→ **WORK TASK**
In the data below, find the line containing "Seven Branch Menorah, Brass", then set down that line and every later line up to and including the line containing "На это в Бучанском", exactly.

→ **DATA SECTION**
= = = = =

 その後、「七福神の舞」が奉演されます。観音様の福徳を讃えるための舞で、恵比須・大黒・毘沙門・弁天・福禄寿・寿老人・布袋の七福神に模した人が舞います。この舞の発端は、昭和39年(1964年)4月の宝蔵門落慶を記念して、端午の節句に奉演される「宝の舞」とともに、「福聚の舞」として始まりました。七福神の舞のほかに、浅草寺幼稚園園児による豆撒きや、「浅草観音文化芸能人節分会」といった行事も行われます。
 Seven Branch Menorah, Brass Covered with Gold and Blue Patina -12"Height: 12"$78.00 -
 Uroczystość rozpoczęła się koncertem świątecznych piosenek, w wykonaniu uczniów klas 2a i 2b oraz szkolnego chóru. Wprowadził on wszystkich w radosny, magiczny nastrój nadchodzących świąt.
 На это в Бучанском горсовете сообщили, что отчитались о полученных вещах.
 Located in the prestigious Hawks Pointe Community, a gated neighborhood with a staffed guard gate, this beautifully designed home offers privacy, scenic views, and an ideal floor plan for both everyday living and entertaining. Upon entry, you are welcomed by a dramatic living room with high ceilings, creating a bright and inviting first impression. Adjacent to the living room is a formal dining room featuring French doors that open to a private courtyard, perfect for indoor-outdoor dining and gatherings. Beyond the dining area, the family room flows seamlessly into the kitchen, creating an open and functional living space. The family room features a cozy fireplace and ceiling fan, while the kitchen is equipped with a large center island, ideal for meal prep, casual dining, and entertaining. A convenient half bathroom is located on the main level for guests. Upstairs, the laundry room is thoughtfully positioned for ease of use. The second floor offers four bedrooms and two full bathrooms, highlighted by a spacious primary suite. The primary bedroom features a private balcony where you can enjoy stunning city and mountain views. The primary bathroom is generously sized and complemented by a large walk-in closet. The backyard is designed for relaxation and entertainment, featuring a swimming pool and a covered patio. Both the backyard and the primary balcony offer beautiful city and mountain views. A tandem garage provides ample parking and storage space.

= = = = =

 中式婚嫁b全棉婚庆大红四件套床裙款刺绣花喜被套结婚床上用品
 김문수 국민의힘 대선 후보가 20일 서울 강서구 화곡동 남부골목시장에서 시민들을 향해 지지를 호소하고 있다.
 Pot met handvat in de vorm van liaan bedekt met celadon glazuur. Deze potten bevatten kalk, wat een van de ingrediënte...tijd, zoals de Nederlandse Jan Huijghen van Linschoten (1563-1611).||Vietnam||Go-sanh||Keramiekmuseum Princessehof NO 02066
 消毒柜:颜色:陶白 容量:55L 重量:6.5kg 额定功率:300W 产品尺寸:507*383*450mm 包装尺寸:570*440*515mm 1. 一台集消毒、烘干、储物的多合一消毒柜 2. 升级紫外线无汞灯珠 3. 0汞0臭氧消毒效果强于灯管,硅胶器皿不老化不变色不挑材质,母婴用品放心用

= = = = =

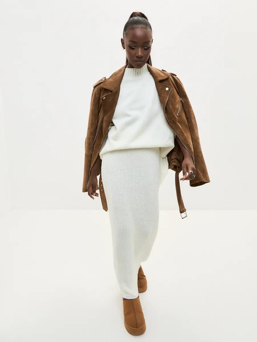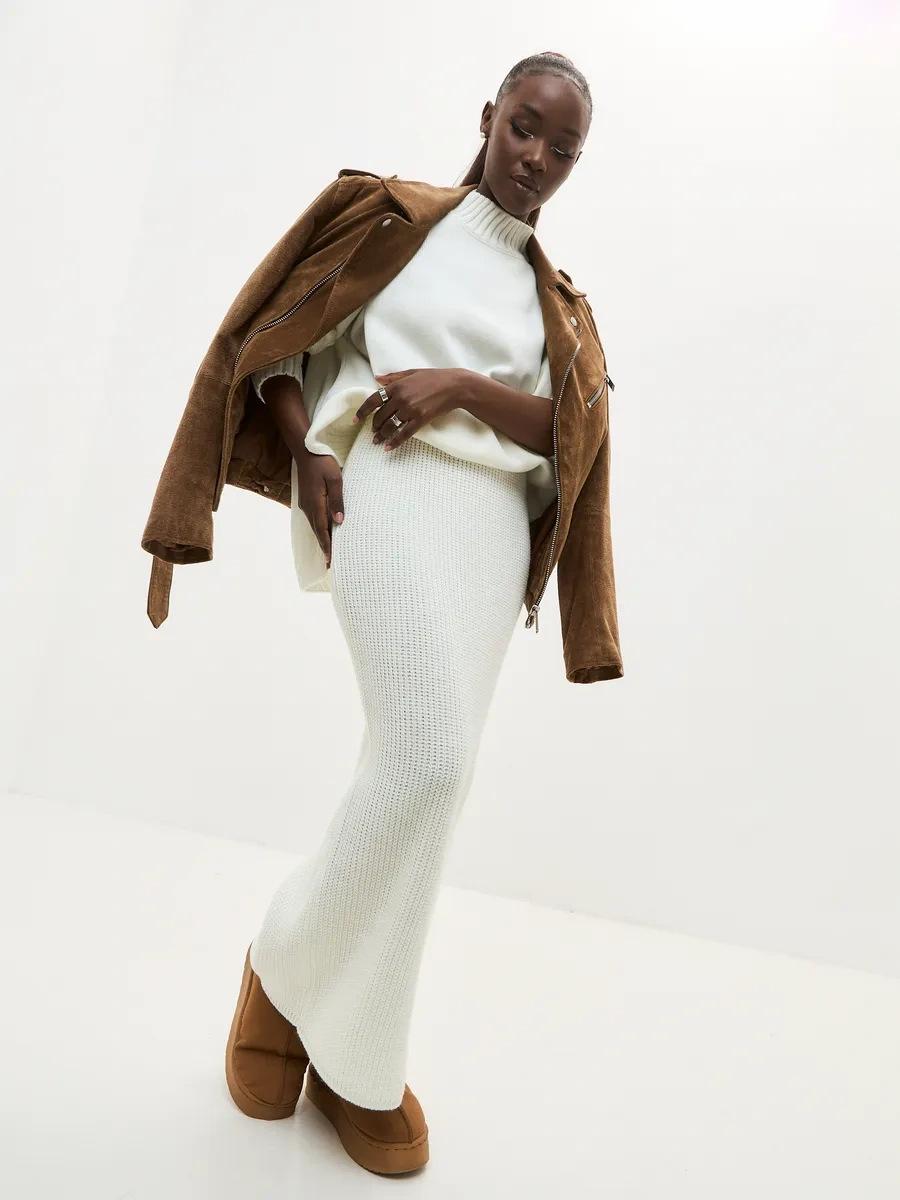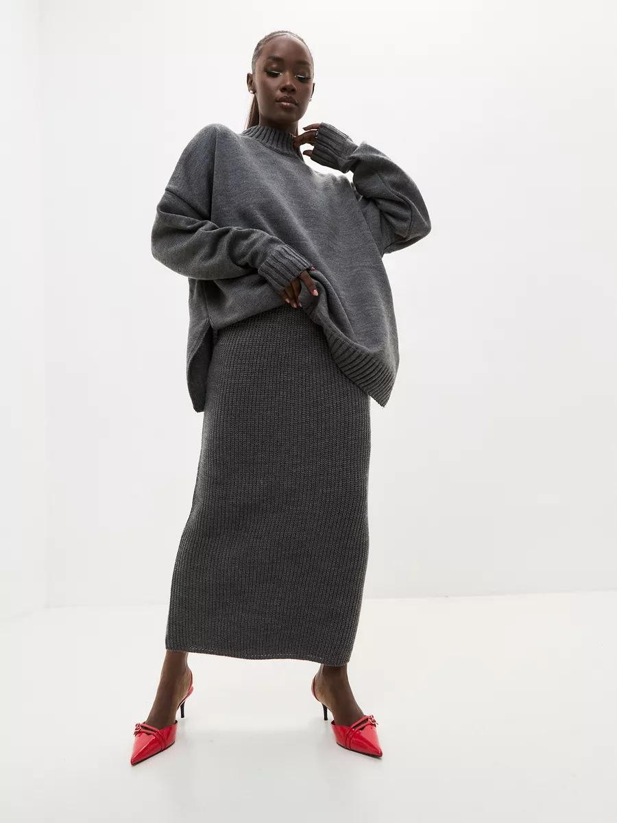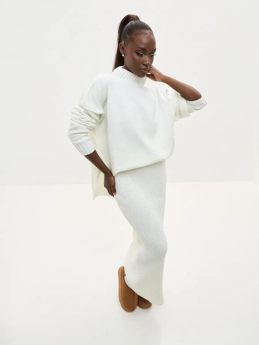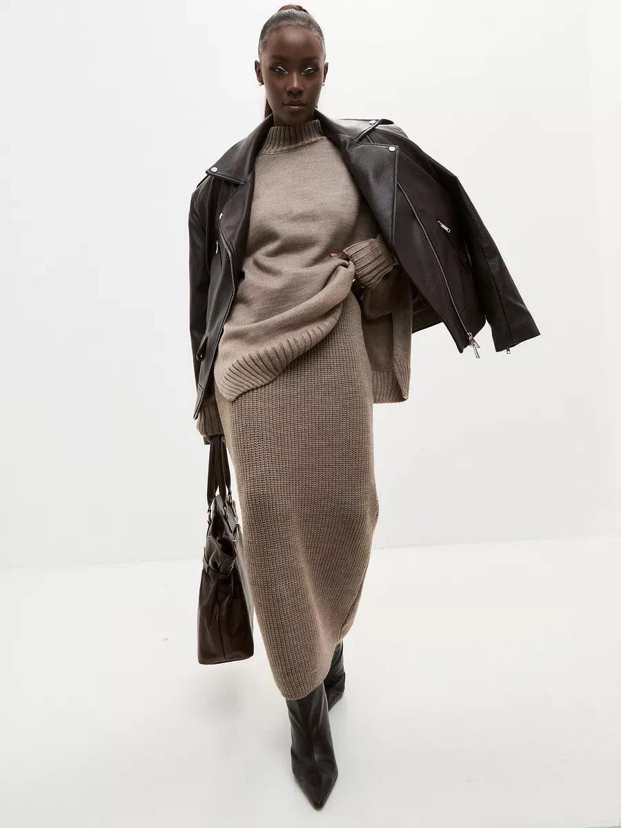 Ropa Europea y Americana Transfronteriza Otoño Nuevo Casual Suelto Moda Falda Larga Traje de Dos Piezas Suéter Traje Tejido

= = = = =

→ **YOUR RESPONSE**
 Seven Branch Menorah, Brass Covered with Gold and Blue Patina -12"Height: 12"$78.00 -
 Uroczystość rozpoczęła się koncertem świątecznych piosenek, w wykonaniu uczniów klas 2a i 2b oraz szkolnego chóru. Wprowadził on wszystkich w radosny, magiczny nastrój nadchodzących świąt.
 На это в Бучанском горсовете сообщили, что отчитались о полученных вещах.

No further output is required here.